Yo no lo supe hasta que lo viví.

Una carrera en la industria de la moda, donde los reflectores, las pasarelas, los aplausos, las telas, las máquinas y la prensa se convierten en tu día a día, pueden causar tanto ruido que escuchar tu propia voz es casi imposible. En medio de la adrenalina y la exigencia que significa dirigir y operar un negocio de moda, los espacios para reflexionar son pocos.

Cuando todo ese ruido se fue desvaneciendo con el tiempo, llegó un silencio ensordecedor. No sabía cómo escucharlo. Y quise apagarlo en muchos momentos.

Pero, ¿cómo se apaga un silencio?

Sin saberlo, las preguntas eran incorrectas. No lo tenía que apagar, lo tenía que aprender a escuchar. Había tanto en ese silencio que necesitaba escuchar para, por fin, conectarme de nuevo con mis propios sonidos.

Bajar la velocidad, aprender nuevas cosas, concentrarme en lo simple. En mi caso particular, alejarme de todo lo conocido.

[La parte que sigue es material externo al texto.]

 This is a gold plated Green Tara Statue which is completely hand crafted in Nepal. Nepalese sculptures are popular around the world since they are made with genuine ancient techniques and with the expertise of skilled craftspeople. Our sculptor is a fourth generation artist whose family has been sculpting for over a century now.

Eso incluyó amigos y familia.

Mudarme a un nuevo país, con un nuevo idioma, donde no conocía a nadie, me regaló lo que había perdido en medio de ese ruido: mi propia voz.

En ese momento, la radicalidad me condujo por un camino necesario. Pero hoy entiendo que esos silencios se pueden construir en la cotidianidad, si uno aprende a buscarlos.

Tal vez esa radicalidad en mi camino fue necesaria para hoy comprender todo lo que el silencio tiene para decirme.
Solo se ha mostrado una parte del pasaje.